Intel Linux engineers have been working on enhancing the NVMe storage performance with today’s high core count processors. Due to situations where multiple CPUs could end up sharing the same NVMe IRQ(s), performance penalties can arise if the IRQ affinity and the CPU’s cluster do not align. There is a pending patch to address this situation. A 15% performance improvement was reported with the pending patch.
The code working its way to the Linux kernel is making the lib/group_cpus.c code CPU cluster-aware. Intel engineer Wangyang Guo explained of the situation with the patch:
“As CPU core counts increase, the number of NVMe IRQs may be smaller than the total number of CPUs. This forces multiple CPUs to share the same IRQ. If the IRQ affinity and the CPU’s cluster do not align, a performance penalty can be observed on some platforms.
This patch improves IRQ affinity by grouping CPUs by cluster within each NUMA domain, ensuring better locality between CPUs and their assigned NVMe IRQs.”
On an Intel Xeon E server, this patch improved the well-used FIO benchmark’s libaio random read performance by around 15%. No other performance numbers for other I/O workloads or hardware configurations were provided as part of the patch in Git or on the mailing list besides the lone Xeon E run.

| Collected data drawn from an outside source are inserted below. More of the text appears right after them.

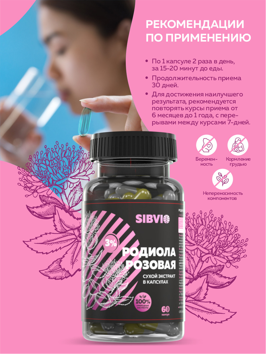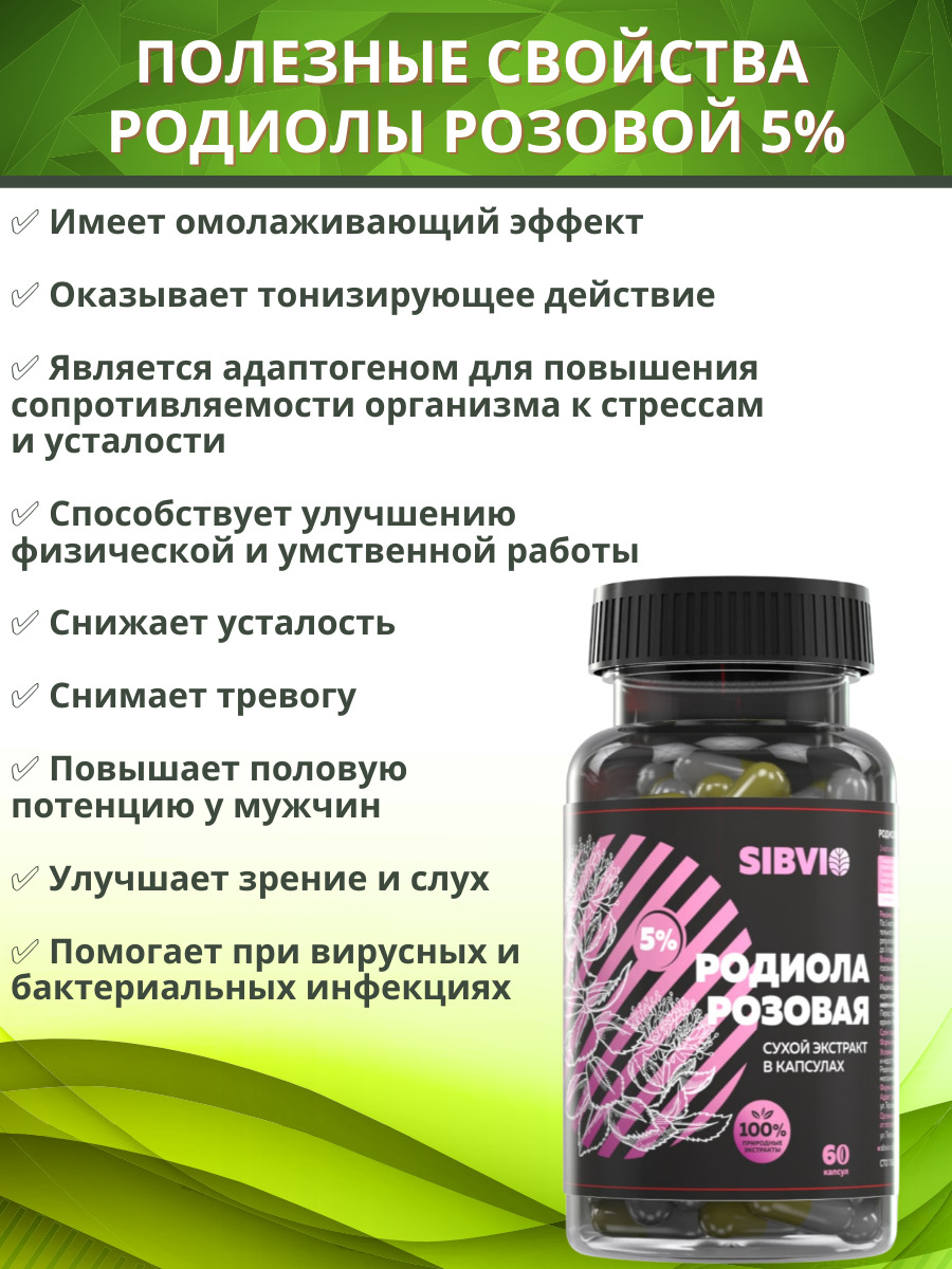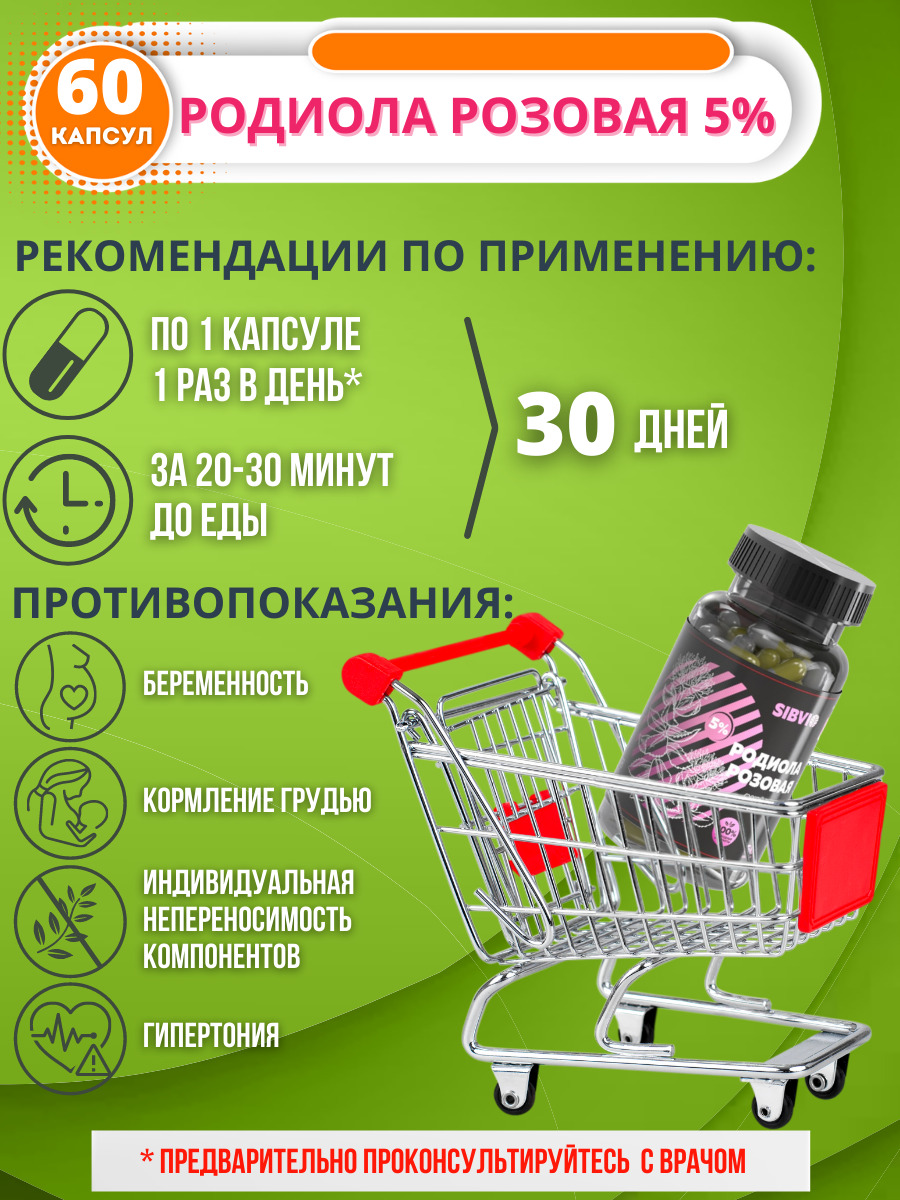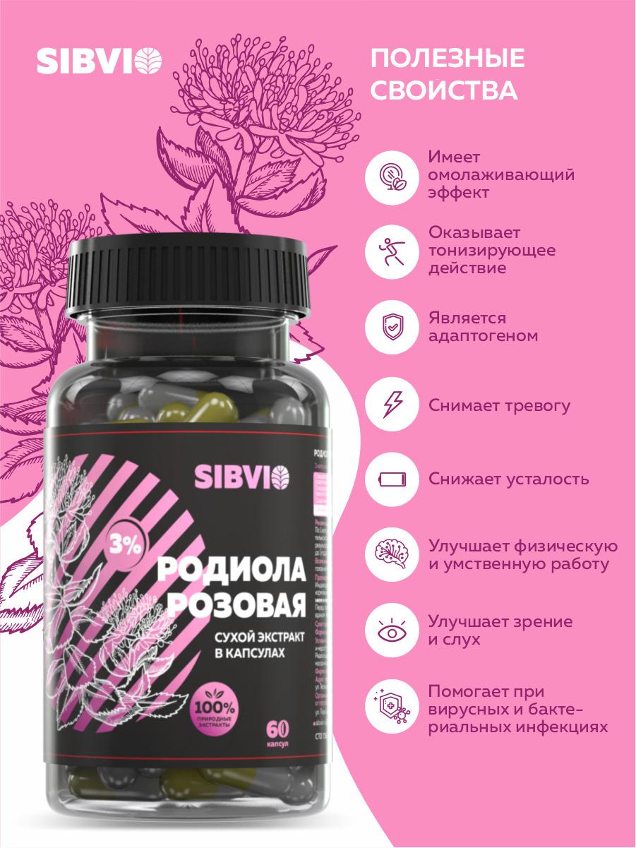 Родиола розовая (Золотой корень) 3%, экстракт корня, 60 капсул. Средство от стресса. Противовирусный препарат.
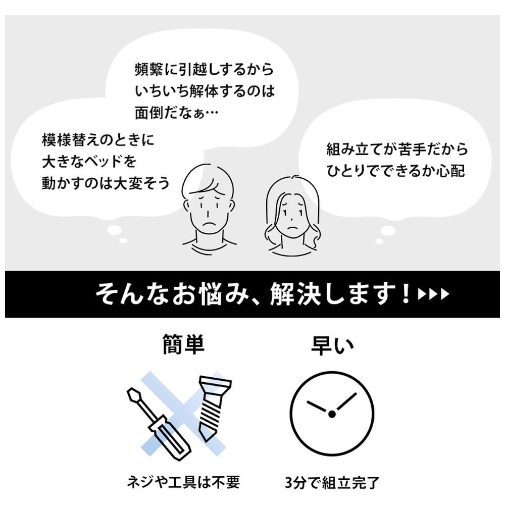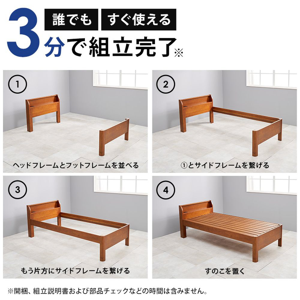 ネジなし、工具不要で簡単組立。床面高さも3段階から選べる宮付き木製ベッド
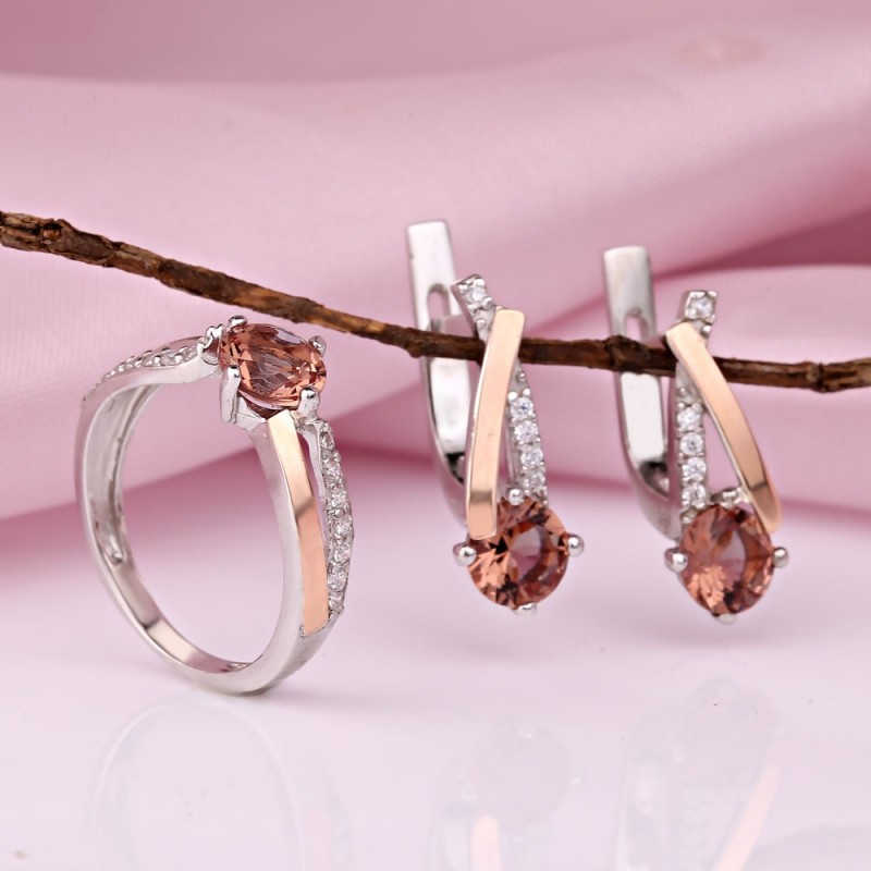 Ein bezauberndes Silberset mit rotgoldenen Akzenten, bestehend aus Ohrringen und einem Ring, mit Einsätzen aus einem unglaublich schönen Sultanit und bezaubernd funkelnden Zirkonia. 925er Sterlingsilber, 375er Gold. Eine wunderbare romantische Ergänzung für Ihren Look!

It will be interesting to see the impact more broadly on multi-cluster CPUs once this patch is merged to the mainline Linux kernel.
The patch has worked its way into Andrew Morton’s “mm-everything” Git branch as part of the MM code he oversees for the kernel. We’ll see if this 271 line CPU cluster-aware patch manages to make it into next month’s Linux 6.20~7.0 kernel merge window for helping with NVMe performance in these situations.